Records provided START

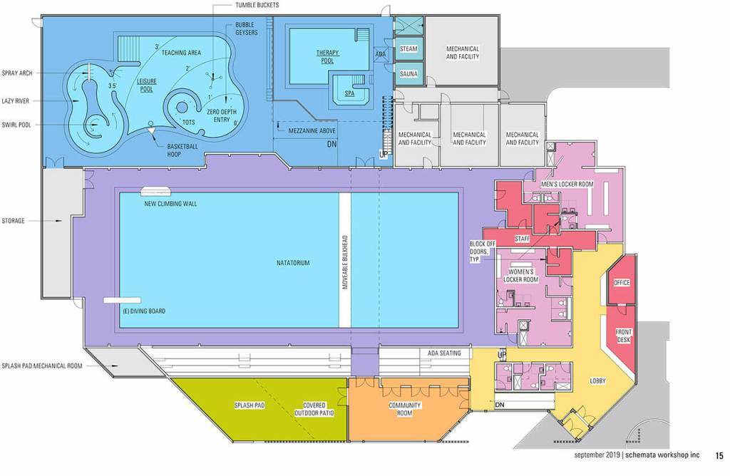 Assuming everything goes swimmingly, Phase 1 construction could begin in 2023, Larson said; planned improvements include revamping the entryway, build a new community/party room, transform the existing restroom and janitor area into two small family changing rooms and a non-gendered restroom, and various ADA upgrades to the parking lot, restrooms, locker rooms, and showers.
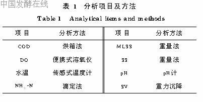 1.2.1 试验水质试验在无锡某制药厂进行,废水取自生物制药生产车间,主要生产抗生素类药。废水主要由母液废水、废菌体和洗涤水等组成,原水经过调节水箱稀释至COD3000~12000mg/L,不调节pH,不添加任何营养素,水质情况为:COD3000~12000mg/L,SS1000~5000mg/L,pH4~8.5,NH3 N50~350mg/L。废液中还含有未完全提取尽的抗生素,这些残留的抗生素对污泥有一定的毒性作用。1.2.2 分析项目与方法每天对反应器进水和系统出水的COD、SS、NH3 N以及污泥浓度MLSS、SV测定1次,均用标准方法,如表1所示。
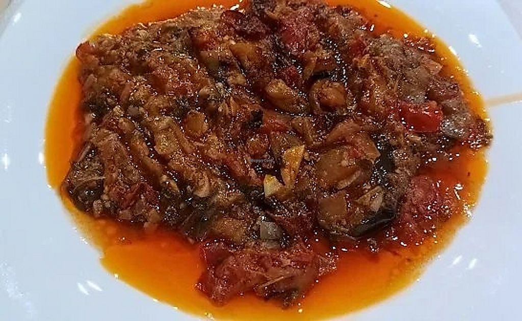 Stuffed eggplant comes with a bit of sauce
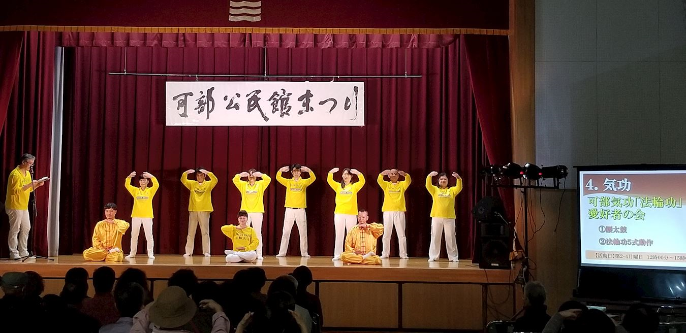 二零一九年十一月二日至三日,第四十八届可部公民馆庆典(Kabe Kominkan Festival)在广岛市安佐北区福祉中心(Asakitaku Fukushi Centsr)举行。活动当中除了舞台文艺表演之外,还有绘画、摄影、书法、乡土史、园艺、洋裁、木刻、手工作品展示,义卖广场,各种日式特色食品和当地农家新鲜蔬菜的专卖等,从福祉中心大楼到外部大广场,人群熙熙攘攘,热闹非凡。法轮功学员参加了三日的舞台表演,演示了法轮功的五套功法动作和中国传统腰鼓舞,向当地民众介绍法轮大法的美好,受到当地民众瞩目。
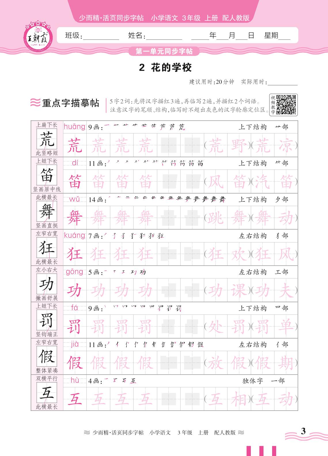 2024秋上册三年级语文人教版 第一单元同步字帖——2. 花的学校
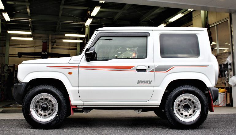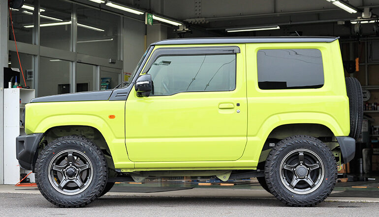 とりわけ、軽自動車のジムニー(JB64型)は、純正車高のままホイールやタイヤをカスタムするだけで雰囲気がグッと良くなる素晴らしい素材です。

Records provided END

• **Exercise requirements**: Restate word for word only the lines that run from the line holding "2024秋上册三年级语文人教版 第一单元同步字帖——2. 花的学校" to the end of the data, both ends kept, leaving every picture out.

• **Expected answer**:
 2024秋上册三年级语文人教版 第一单元同步字帖——2. 花的学校
 とりわけ、軽自動車のジムニー(JB64型)は、純正車高のままホイールやタイヤをカスタムするだけで雰囲気がグッと良くなる素晴らしい素材です。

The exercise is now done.